Ruvalcaba convincingly set the standard for a district court reviewing a prisoner's proposed reasons for compassionate release, making it clear that district courts have the discretion to review prisoner-initiated motions by taking the holistic, any-complex-of-circumstances approach we discussed earlier. Id. at 27, 28. See generally id. at 29-32 (Barron, J., concurring) (expounding, by way of example, on the “soundness” of the premise “that there may be an 'extraordinary and compelling reason' to reduce the sentence when a particular statutory change is considered in the context of the defendant's individualized circumstances”). Indeed, this approach makes sense. After all, it is possible that the whole may be greater than the sum of its parts, and reasons that might not do the trick on their own may combine to constitute circumstances that warrant a finding that the reasons proposed are, in the aggregate, extraordinary and compelling. This is not to say that a district court must find a certain number of extraordinary and compelling reasons. Rather, in conducting their reviews, district courts should be mindful of the holistic context of a defendant's individual case when deciding whether the defendant's circumstances satisfy the “extraordinary and compelling” standard -- “any complex of circumstances” contemplates that any number of reasons may suffice on a case-by-case basis, whether it's one, two, or ten. See id. at 28. Granted, Ruvalcaba did not address the merits of whether any particular reason or complex of circumstances actually met the “extraordinary and compelling” standard's substantive criteria (nor do we do so now, as we'll explain). And the Ruvalcaba court's instruction to district courts to generally consider “any complex of circumstances” does not foreclose a conclusion that certain reasons, standing alone, may be insufficient as a matter of law when measured against the “extraordinary and compelling” standard. We identified in Ruvalcaba, for example, that a change in sentencing law, standing alone, cannot suffice.
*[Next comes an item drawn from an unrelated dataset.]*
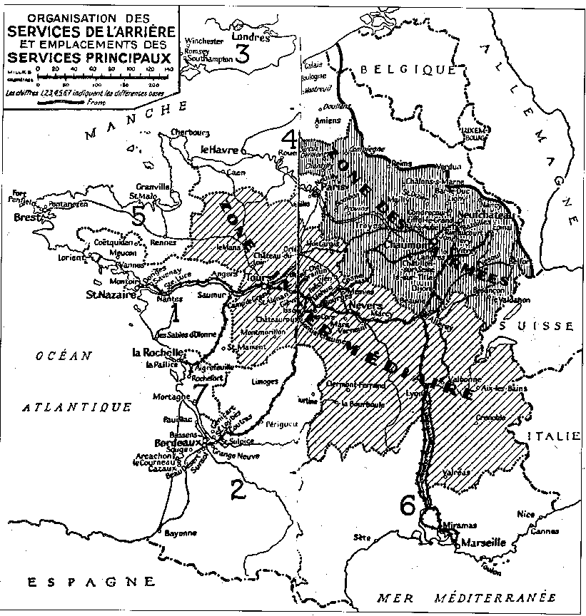 Immense warehouses and storage areas were set up in the vicinity of the largest ports: Montoire behind Saint-Nazaire, Saint-Sulpice d'Izon near Bordeaux, Miramas near Marseille.

Against this backdrop, consider again the district court's reasoning in granting Trenkler's compassionate release motion.... In the end, our careful review of the district court's thorough (but pre-Ruvalcaba) decision leaves us uncertain as to whether it took a holistic approach when reviewing Trenkler's proposed reasons and ultimately concluding that the sentencing error constituted a sufficiently extraordinary and compelling reason to grant relief.

In the normal course, this is where we would come in, applying abuse-of-discretion review to assess the district court's work on the compassionate release motion, holding it up against our precedent to assess the accuracy of the analysis offered. But, at this juncture, the circumstances of this case prompt us to take a different tack.... This prudential approach is especially apt here because the district court's proposed sentence reduction, even if affirmed, would have no practical effect until sometime in the future.

On remand, the district court is permitted to consider any factual developments that have transpired since its May 2021 opinion issued, such as shifts in Trenkler's health status or the ever-evolving COVID-19 pandemic. We close with this: Today's opinion should not be read as a rejection or endorsement of the district court's outcome or any of its analysis of Trenkler's proposed reasons for granting compassionate release. We express no view as to what should happen on remand."

Death Watch (Note: The BOP press website announces BOP COVID-related deaths here.) The BOP has identified no new COVID-related fatalities. The total number COVID-related inmate deaths remains at 306. Eleven of the inmates died while on home confinement. Staff deaths remain at 7.